If the deputy finance minister has a sign on his wall reminding him to see the point of view of others, here is perhaps why. Others do not behave as Germans do: others
lie.
In this financial world of deceit Germans are natives on a protected island who have not been inoculated against the virus carried by visitors. The same instincts that allowed them to trust Wall Street bond salesmen also allowed them to trust the French, when they promised there would be no bailouts, and the Greeks, when they swore that their budget was balanced. That is one theory. Another is that they trusted so easily because they didn’t care enough about the cost of being wrong, as it came with certain benefits. For the Germans the euro isn’t just a currency. It’s a device for flushing away the past. It’s another Holocaust Memorial.

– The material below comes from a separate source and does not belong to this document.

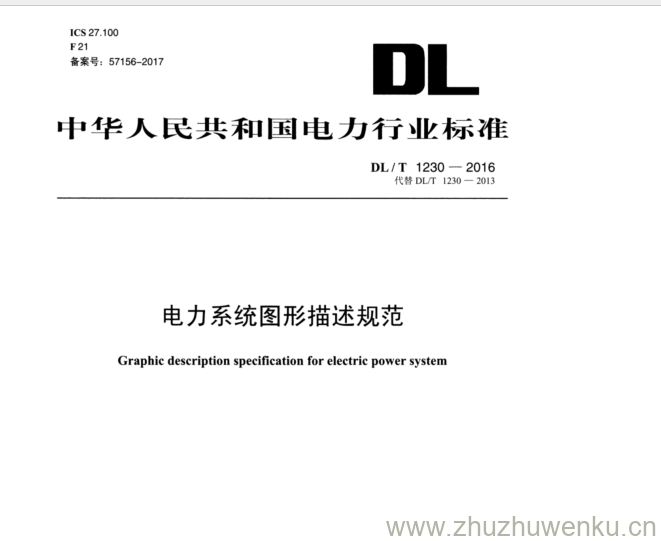 DL/T 1230-2016 pdf下载 电力系统图形描述规范。Graphic description specification for electric power system.

The Greeks may have German public opinion polls running against them, but deeper forces run in their favor.

In any case, if you are obsessed with cleanliness and order yet harbor a secret fascination with filth and chaos, you are bound to get into some kind of trouble. There is no such thing as clean without dirt. There is no such thing as purity without impurity. The interest in one implies an interest in the other. The young German woman who had driven me back and forth across Germany exhibits interest in neither, and it’s hard to say whether she is an exception or a new rule. Still, she marches dutifully into the world’s largest red-light district, seeking out a lot of seedy-looking German men to ask them where she might find a female mud wrestling show. Even now she continues to find new and surprising ways in which Germans find meaning in filth. “
Scheisse glänzt nicht, wenn man sie poliert
: Shit won’t shine, even if you polish it,” she says, as we pass the Funky Pussy Club. “
Scheissegal
: it just means ‘I don’t give a shit.

” She laughs. “That’s an oxymoron in Germany, right?”